Born in Toronto on 19 December 1944, Zalman ‘Zal’ or ‘Zally’ Yanovsky (bottom left on the album sleeve in yellow and orange stripes, next to John Sebastian’s orange and white stripes) died days short of his 57th birthday on 13 December 2002. Arriving on the Eastern seaboard of Canada’s southern neighbour with a trio called the Halifax Three – its Halifax, Nova Scotia-born Dennis Doherty subsequently went on to well for himself in The Mamas and The Papas – Yanovsky made contacts that in New York found him and Doherty joining the Mugwumps. That group was name-checked in the Mamas And The Papas’ potted history of folk into rock, Creeque Alley – a baton of an autobiographical history that the Grateful Dead’s Truckin’ took up and ran with.
“The Mugwumps didn’t make many records,” wrote Michelle Phillips in her autobiography, California Dreaming – The True Story of The Mamas And The Papas (1998), “but they became legendary after they had broken up.

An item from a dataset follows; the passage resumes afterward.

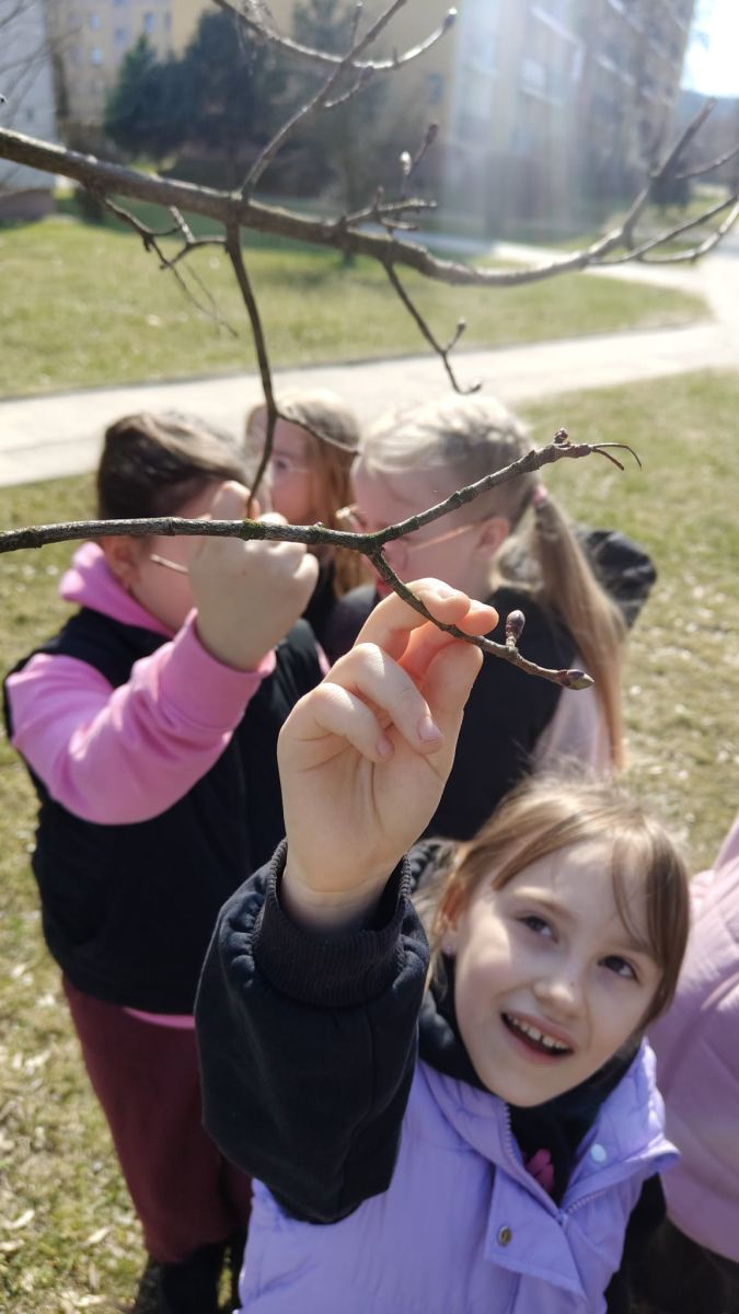 pacer klasy 2D odbył się w pogodny, wczesnowiosenny dzień☀️. Uczniowie wyruszyli w okolice szkoły, aby poszukiwać pierwszych oznak budzącej się do życia przyrody. Już na początku zwrócili uwagę na drzewa i krzewy, na których pojawiły się drobne, jasnozielone pąki- znak, że rośliny zaczynają nowy cykl wegetacyjny. Dzieci z ciekawością oglądały gałązki, porównując wielkość i kształt pąków różnych gatunków.

They were a cult after the event.” Keeping careful-with-the-‘legendary’-axe, St. Eugene (British Columbia) business the crowd’s comings and goings enabled them to be a backbone of a Pete Frame rock family tree.
Yanovsky joined the Lovin’ Spoonful and became intrinsic to its succession of local, then national, then international hits. Those hits included Do You Believe In Magic, Daydream and Summer In The City. Those songs were as other and distinctive as anything that the Rolling Stones, The Kinks or the Small Faces were releasing in Britain. They shone out.
Everything was going so well… Then in 1966 with Summer In The City roaring up the charts internationally, Yanovsky and Steve Boone found themselves in a bit of a quandary. They got busted in San Francisco for possession of marijuana – it was still illegal in California back then. (May still be.)
Pressure was applied. Fearful of visa problems, they sang. “The episode,” observed Joel Selvin in Summer of Love (1994), “finished the Spoonful in underground circles.” Back then even if we didn’t know the exact detail, there was enough scurrilous stuff flying around to glean that all was not right in the state of the Spoonful. Mud stuck.
Post-Spoonful Yanovsky played with Kris Kristofferson – I saw him at the 1970 Isle of Wight Festival – and he made a cameo appearance in Paul Simon’s One Trick Pony (1980). At the time of his death, he was a restaurateur in Kingston, Ontario in a place wittily called Chez Piggy.